A reform movement aims to bring an existing social or political system closer to a community’s ideal. It may have religious roots, or it may be rooted in secular concepts of social justice. It may be based on individual transformation, or it might involve small collectives that are self-sustaining. It is usually a nonviolent movement. Reform movements may also spawn reactionary movements, which seek to return society to its previous state.
Reform movements may also be inspired by demographic and economic changes. As America shifted from a mostly rural, small-town nation into an urban one after 1820, cities and towns often had the critical mass of people and resources that reform groups required. In addition, America’s growing economy enabled a middle class to emerge, many of whose members had both the financial comfort and leisure time to devote to promoting a cause such as abolitionism, temperance, or women’s rights.
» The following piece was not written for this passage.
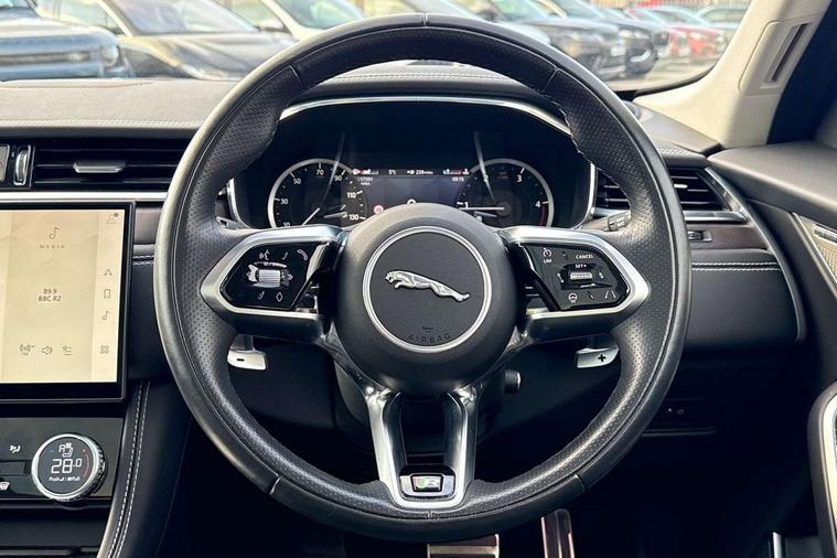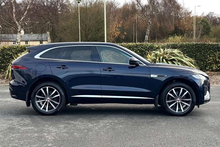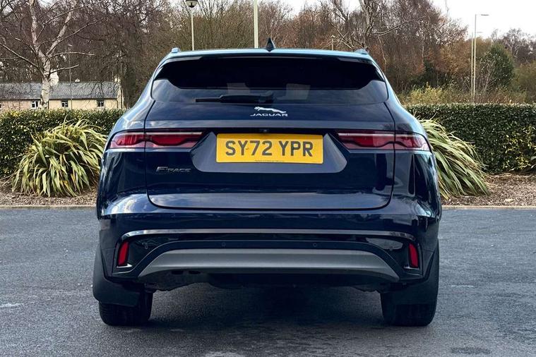 11.4" touchscreen, Adaptive cruise control with steering assist, Android Auto, Apple car play, Blind spot assist, Bluetooth connectivity, Clear exit monitor, Driver alert system, Driver condition monitor, eCall emergency call system, Eco driving style assistant, Electric power assisted steering, InControl remote, Jaguar Toggle shift selector, Lane departure warning system, Lane keep assist, Outside temperature gauge, Personalisation profile management, Pivi pro connected navigation system with app interface and media storage, Pro services and wifi hotspot, Push button starter, Rear collision monitor, Rear traffic monitor, Service interval indicator, Speed proportional steering, Start up sequence with movement in dials and lighting, Traffic sign recognition with adaptive speed limiter, Trip computer, Voice control system, 8 speed automatic transmission, Adaptive dynamics, All terrain progress control, All Wheel Drive (AWD), Configurable dynamics, Open differential with torque vectoring by braking, AM/FM radio, Bluetooth streaming, DAB Radio (Digital Audio Broadcasting), Dynamic volume control, InControl apps, InControl protect, iPod integration, 3 flash lane change indicators, Animated directional indicators, Approach Illumination, Auto dimming rear view mirror, Automatic headlights, Body colour door mirrors, Electric heated/power fold memory door mirrors with approach lights and auto dimming driver side, Electric windows with one touch open/close and anti trap, F-Pace and R Dynamic badge, Green tinted glass, Heated front windscreen + heated washer jets, Heated rear window with timer, Illuminated metal tread plates with Jaguar script, Jaguar script and leaper, LED High level third brake light, LED tail lights, Metal load space scuff plates, Non acoustic front windscreen, R Dynamic badge on side door, Rain sensor windscreen wipers, Rear fog lights, Rear metal tread plates, Rear side wing doors, Rear wiper, Trailer stability assist, Variable front intermittent wipers, 12V power point front, 3 rear headrests, 3 seat bench in 2nd row, Air distribution speed, Bright metal foot pedals, Centre armrest console, Centre console with side storage, Deletion loadspace storage rails, Door sill tread plates, Electrically adjustable steering column, Fold flat front seats, Front centre armrest with storage compartment, Front door storage space, Glovebox finisher with jaguar script, Heated steering wheel, Hooks in loadspace, Illuminated glovebox, Interior front door handles with separate locking switches, ISOFIX on outer rear seats, Jaguar sense, Luggage tie downs in loadspace, Mist sensing, Multifunction steering wheel, Overhead lighting console, Overhead stowage for sunglasses, Passive front head restraints, Premium cabin lighting, Premium carpet mats, R-Dynamic branded leather steering wheel, Rear air vents, Rear armrest with twin cupholders, Rear centre headrest, Rear door storage space, Reversible boot floor, Satin chrome gearshift paddles, Shopping bag hook, Single front passenger seat, Sunvisors with illuminated vanity mirrors, Twin front cupholders with cover, Online Pack with data plan - F-Pace, 355mm front brakes and 325mm rear brakes, 3x3 point rear seatbelts, ABS, All surface progress control (ASPC), Brake pad warning light, DSC - Dynamic Stability Control, Electric parking brake (EPB), Emergency brake assist, Front airbags with passenger seat occupant detector, Front and rear seatbelt reminder, Front side airbags, Full length side window curtain airbag, Hill launch assist, Power operated child locks, Torque vectoring brake, Traction control, Tyre pressure monitoring system, Immobiliser, Keyless entry, Keyless Start, Locking wheel nuts, Perimeter alarm, Remote central locking, Valet mode,

Religious and secular ideas of perfection fueled the reform impulse as well. The shift from Calvinism’s doctrine of predestination to a more democratic teaching that emphasized humankind’s efforts to achieve salvation nourished ideas of perfectionism and millenarianism. On the secular side, a new faith in progress and the power of human reason also gave antebellum reformers optimism about change.
Although antebellum reforms had a variety of origins and trajectories, they most frequently rested on a network of voluntary associations, local groups loosely associated with a national organization and dedicated to a specific goal. This organizational structure lent a sense of coherence and unity to the movement, even though each association had its own distinct constituencies and agendas. As European observers such as Alexis de Tocqueville noted, a variety of reforms could be pursued through these associations.